Approximately 4.39 seconds later, Wufei came charging into the kitchen wearing nothing but a bedsheet draped around his waist. It fluttered behind him as he ran past the kitchen table, and towards the hangar, mumbling something about paying penance to Nataku for his evil deeds. Not too long after, Relena--reeling from a headache--came stumbling into the kitchen, wearing Wufei's shirt and underwear. She looked so stupid and in pain that they couldn't help but laugh, and Trowa accidentally snorted a mouthful of Crispix up his nose in his glee.
Relena was perplexed. She didn't know where things had gone wrong. She had only meant to create the *illusion* that she had slept with Wufei in order to make Hiro jealous; the actual *action* had been beyond her intentions. Still, her one-track mind managed to give her a whisp of comfort: If Hiro knows that you actually did sleep with him, then he'll be even more jealous than before!!
"Um, hi there," she muttered, massaging her temples, in too much pain to be sexy.
"Yo," Hiro said, a weird smirk on his face. "Glad to see that you had fun last night. I should thank you for providing me with fun as well. Duo and I found your list rather entertaining." He whipped out the wrinkled piece of paper, and tossed it on the table.
Relena looked from Hiro to the paper to Hiro, and promptly grabbed her boob to check if the list was in her bra, like it was supposed to be. It wasn't, and she promptly puked and fainted.

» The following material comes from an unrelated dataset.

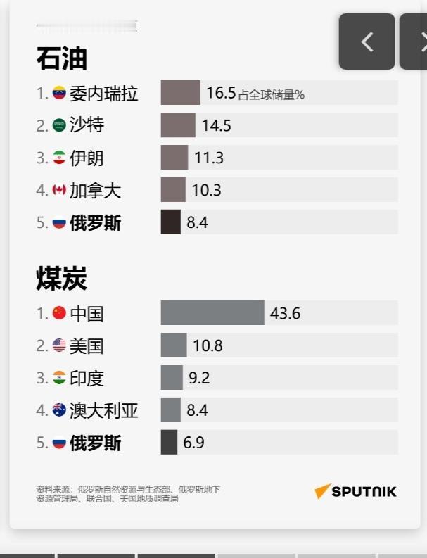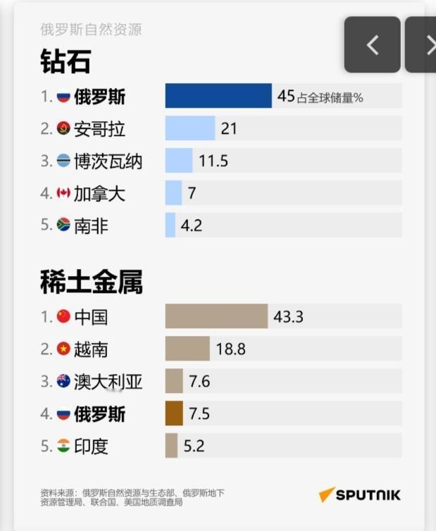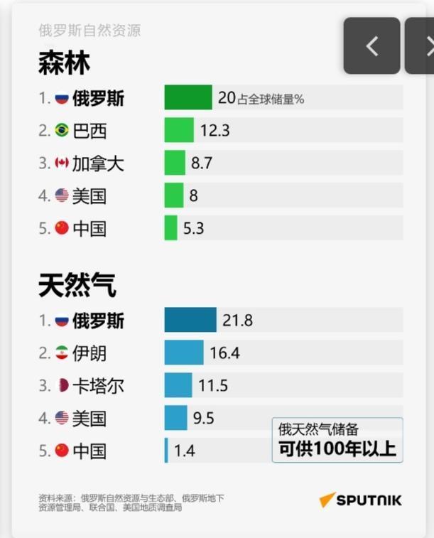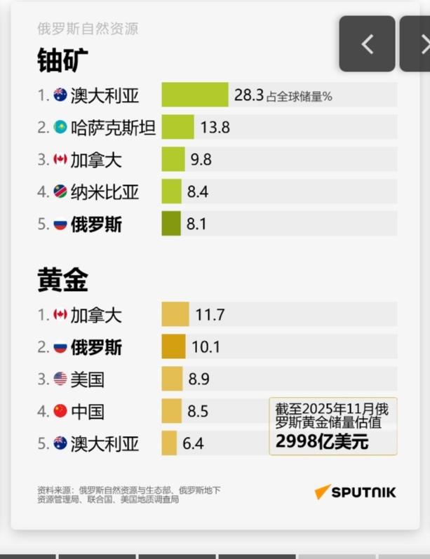 约占全球20%?!大俄自然资源储量真是令人垂涎呀,难怪老美和欧公子总给它找茬。看附图,黄金、钻石、铁矿石、石油、天然气、稀土、煤炭、铀…… 据俄罗斯卫星通讯社11月27日报道,俄罗斯自然资源储量居世界首位,是美国的两倍,总估值约100万亿美元——约占全球的20%。 重要的品类它几乎全都有啊,而且储量都是全世界排名前几名那种,太令人羡慕了。大俄人少地广,资源多,如果它开发得好,光卖这些资源都足以暴富了! 从自然资源储量这点也可以看出,大俄的战争潜力确实非同小可。如果没有老美出手,欧公子和小乌还真干不过它。大俄的枪杆子硬,家里山货多,打缺钱了,人家大不了就便宜甩卖一部分来换钱,血条又立马恢复不少。就这一手,欧公子和小乌怎么破嘛,简直无解呀!

Wufei came back in the room, muttering something about an animal sacrifice to Nataku. He looked at the pilots, saw Relena lying on the floor, and immediately picked her up. As he started to walk out again, Duo pulled out a mysterious object from his pocket and held it up. "One word, Wufei, before you roast Relena on a spit," he said. "Blackmail."

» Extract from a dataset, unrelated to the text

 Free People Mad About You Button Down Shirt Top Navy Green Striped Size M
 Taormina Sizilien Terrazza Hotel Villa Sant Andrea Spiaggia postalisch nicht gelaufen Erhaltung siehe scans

He looked at Duo, and saw that the Deathscythe pilot was holding a disposable camera. His eyes got huge (by anime standards) with shock. He hastily dropped Relena, pulled out his sword (no small feat, considering that he only had a bedsheet on), and proceeded to chase Duo around the house, screaming: "Injustice! INJUSTICE! I will have your head!!
Hiro looked to the floor, where Relena had hit her head on the ground and wasn't moving much anymore. He looked at Quatre, who was trying to resuscitate Trowa, who had suffocated on the cereal that went up his nose. He heard his lover being chased by a Queen of Hearts wannabe, and decided that he'd had enough for one day. "Notes to self," he muttered as he dumped the rest of his cereal in the garbage disposal. "Must destroy all sake-peddling liquor stores within a 2,000 mile radius. Buy an urn for Duo's ashes after Wufei kills him, then give that stupid Chinee a poisoned serving of General Tso's chicken. Scrap Nataku and Shinigami. Remodel Wing Zero with a new stealth system and a new triton weapon...busy day."
The End!!!
sake-Japanese rice wine (pronounced sa-ki)
gachooon-ass
And anyone who notices a strange resemblance between this story and my FF7 fanfic, "Somebody to Love", or even certain scenes in "In & Out"...that is a production of your own bored mind. Get a life.